**Your goal**
Would you please transcribe the data in full and exactly, excluding images?

**Input data**
[Start of Attachment]

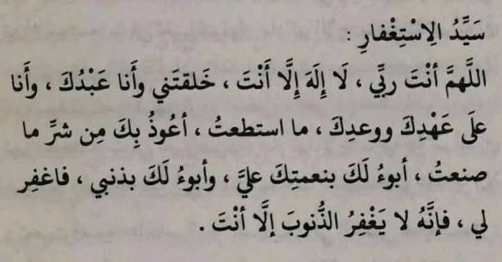 “سَيِّدُ الِاسْتِغْفَارِ أَنْ تَقُولَ: اللَّهُمَّ أَنْتَ رَبِّي، لَا إِلَهَ إِلَّا أَنْتَ، خَلَقْتَنِي وَأَنَا عَبْدُكَ، وَأَنَا عَلَى عَهْدِكَ وَوَعْدِكَ مَا اسْتَطَعْتُ، أَعُوذُ بِكَ مِنْ شَرِّ مَا صَنَعْتُ، أَبُوءُ لَكَ بِنِعْمَتِكَ عَلَيَّ، وَأَبُوءُ لَكَ بِذَنْبِي فَاغْفِرْ لِي فَإِنَّهُ لَا يَغْفِرُ الذُّنُوبَ إِلَّا أَنْتَ،
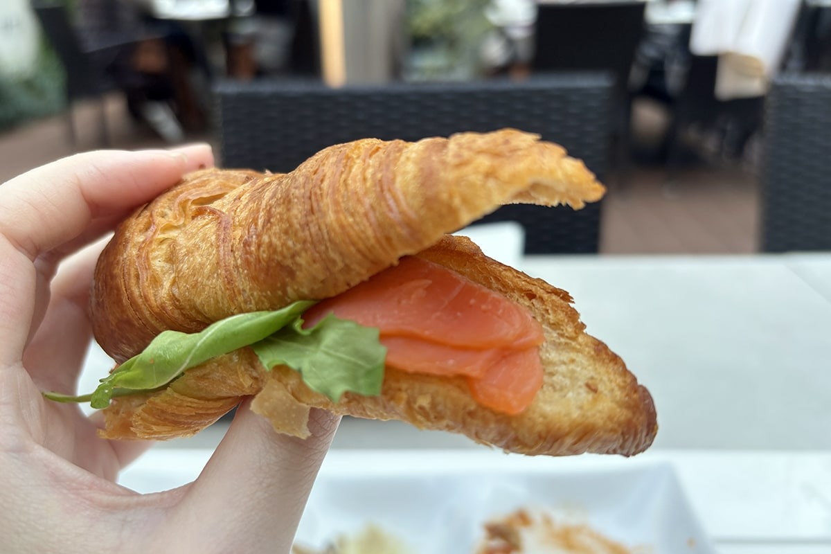 もう一つはクロワッサン × サーモンというもう絶対においしい組み合わせ。柚子がアクセントになっているのと、バターが香るふんわりとしたクロワッサンがほのかに甘みがあって、相性抜群のおいしさだ。
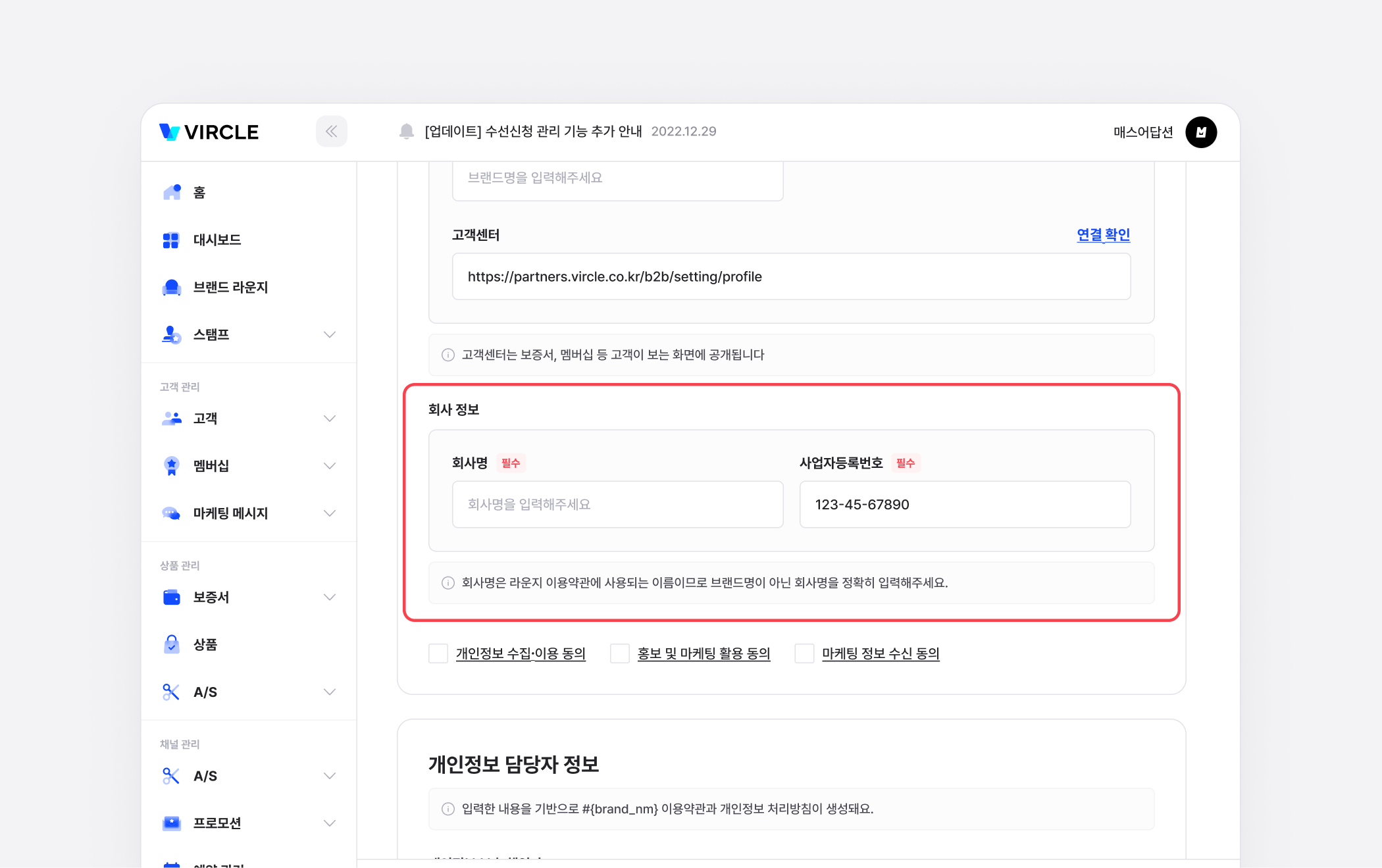 라운지 가입 기능 도입과 함께, 고객 정보 보호와 브랜드의 책임을 명확히 하기 위해

[End of Attachment]

**Output**
 “سَيِّدُ الِاسْتِغْفَارِ أَنْ تَقُولَ: اللَّهُمَّ أَنْتَ رَبِّي، لَا إِلَهَ إِلَّا أَنْتَ، خَلَقْتَنِي وَأَنَا عَبْدُكَ، وَأَنَا عَلَى عَهْدِكَ وَوَعْدِكَ مَا اسْتَطَعْتُ، أَعُوذُ بِكَ مِنْ شَرِّ مَا صَنَعْتُ، أَبُوءُ لَكَ بِنِعْمَتِكَ عَلَيَّ، وَأَبُوءُ لَكَ بِذَنْبِي فَاغْفِرْ لِي فَإِنَّهُ لَا يَغْفِرُ الذُّنُوبَ إِلَّا أَنْتَ،
 もう一つはクロワッサン × サーモンというもう絶対においしい組み合わせ。柚子がアクセントになっているのと、バターが香るふんわりとしたクロワッサンがほのかに甘みがあって、相性抜群のおいしさだ。
 라운지 가입 기능 도입과 함께, 고객 정보 보호와 브랜드의 책임을 명확히 하기 위해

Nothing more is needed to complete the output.